Two cancer centres in the United Kingdom have published retrospective analyses and have shown similar outcomes from both the modalities of treatment. Munroe et al showed overall survival at 10 years was 21.6% for radiotherapy against 24.1% for surgery for MIBC [16]. Likewise, Kotwal et al reported overall 5-year survival rates for primary radical radiotherapy and radical cystectomy at 34.6% and 41.3% , respectively.

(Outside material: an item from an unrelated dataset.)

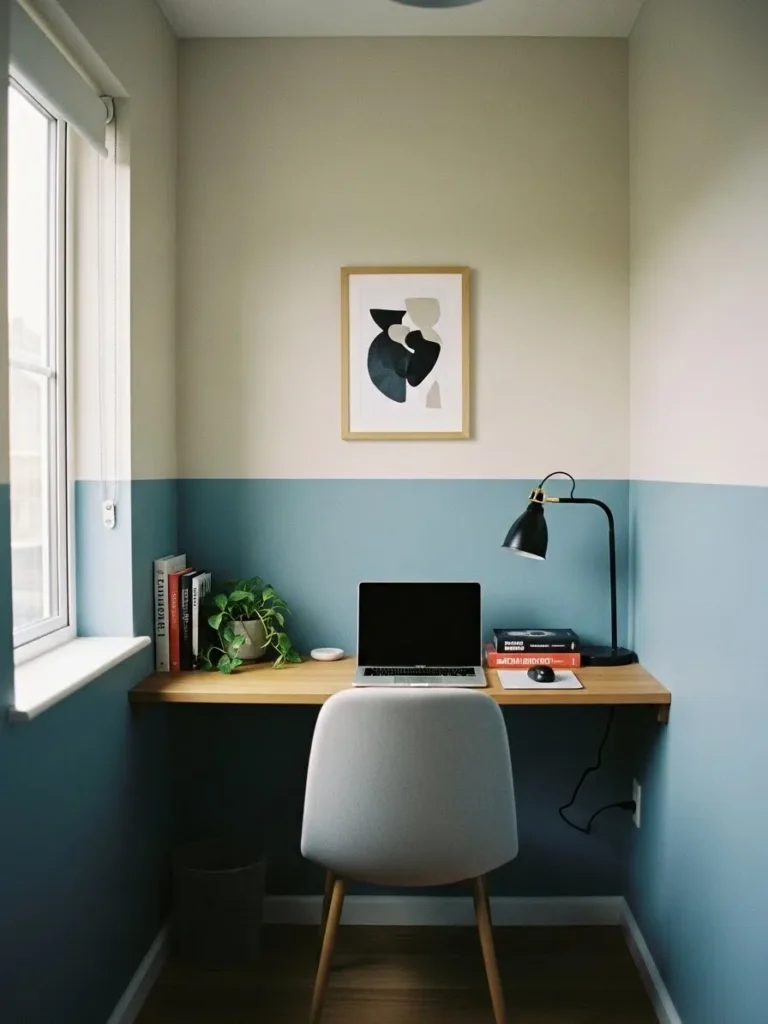 This small home office makes the most of a narrow space by using a calming two tone paint look that feels both modern and cozy. The lower half of the walls is painted in a muted blue green shade that grounds the room, while the upper portion stays light and airy in a warm neutral. A simple wood desk floats neatly between the walls, paired with a soft upholstered chair that keeps the setup from feeling too rigid. Natural light from the window brightens the space, and minimal decor like a small plant, framed art, and a sleek black desk lamp keeps everything clean and intentional without feeling cold.

In this study, five year cause specific survival rates (CSS) for radiotherapy and radical cystectomy group were 56.8% and 53.4% , respectively. The difference was not statistically significant.
A case controlled study published this year also showed similar outcomes from surgery and chemoradiotherapy for MIBC [17]. Thirty three patients who were treated with chemoradiotherapy due to poor fitness for surgery were matched with patients with similar age that underwent radical cystectomy in the same year. Five year disease free survival after surgery and chemoradiotherapy was 63.2% and 54% respectively. Fiver year overall survival was 54.8% and 56.6% after surgery and chemoradiotherapy respectively.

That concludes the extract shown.